Compared to the pharma industry, hospitals have a much less competitive stance and are generally regarded as ‘trusted’ partners (1). Nonetheless, DLT-based systems bring key advantages for hospitals. From a data privacy point of view, keeping a record of data access history is essential for compliance and minimising the risk of data breaches. For medical researchers, it is in their best interest to have reproducible research protocols that can be validated on different datasets and improve the robustness of findings.
Traceable ML processes may also impact future business models, driving the ‘industrialization’ of AI (6). Today, AI is often a ‘tailor-made’ process – challenging to scale and maintain. To use an analogy, car engineering was only scaleable once supply chain, terminology, safety guidelines, and so on were standardized.
How does Federated Learning’s traceability look like in practice?
One of the leading Federated Learning collaborations in healthcare based on DLT is a consortium of 10 pharma companies called MELLODDY. The project is powered by Owkin Connect, Owkin’s privacy-preserving, traceable, secure technology platform (see article 2). The MELLODDY team has successfully completed the first ‘federated run’ and is now working on advancing drug discovery and development. HealthChain is another real-world deployment of traceable ML, this time between hospitals co-developing ML models for improved prediction of breast cancer outcome (see article 1).
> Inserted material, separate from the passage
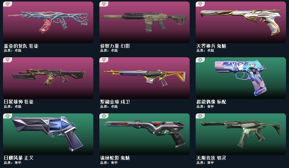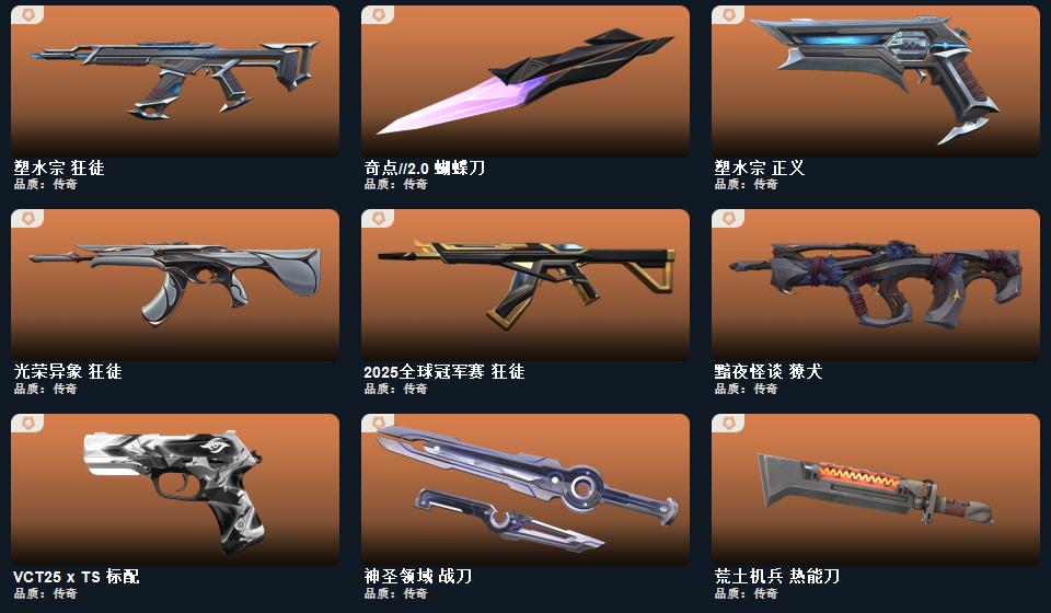 神圣领域 战刀,荒土机兵 热能刀,奇点//2.0 蝴蝶刀,蒙太奇 狂怒,无限竞技 骇灵,月球哨兵 雄鹿,2025全球冠军赛 狂徒,星云暗涌 冥驹,神圣领域 战神

In both use cases, Owkin uses Substra to orchestrate all distributed ML steps, an in-house developed open-source software platform built on hyperledger fabric (a common DLT framework). DLT (as well as additional security strategies, see article 1) protects the partners from any potential attacks through each other as well as from attacks through Owkin. Full transparency creates trust in a trustless environment and unlocks opportunities for collaborative research.
(i) Federated Learning collaborations are often realized in ‘trustless’ environments. Competing pharma companies need assurance that their highly valuable data are protected from hacking attempts and data leakage. Distributed ledger technology (DLT) ensures traceability of all interactions, stored on an immutable activity log across authorized partners.
(ii) DLT-based collaborations benefit both pharma companies and hospitals through reproducibility – all steps of the model training can be (a) audited and (b) repeated on validation datasets. In the future, DLT can also help assess the value of contributing datasets to establish transparent compensation schemes.
(iii) Traceability of all interactions during model training is a major strength of Federated Learning. Data-private yet transparent ML platforms such as Owkin Connect build trust and enable collaborative ML, driving precision medicine, new business models for pharma, and overall healthcare discoveries.
This article series provided a glimpse into the key advantages of Federated Learning and its significant impact on healthcare stakeholders: (i) preserving privacy, (ii) enabling collaborative ML, and (iii) building trust by ensuring traceability. The technology holds great promises for precision medicine – tailor-made treatments for patient subgroups – which can only progress through access to large and multi-modal datasets (7). The first successful real-world applications, including MELLODDY to enhance AI drug discovery and development, predict an exciting future for Federated Learning in healthcare.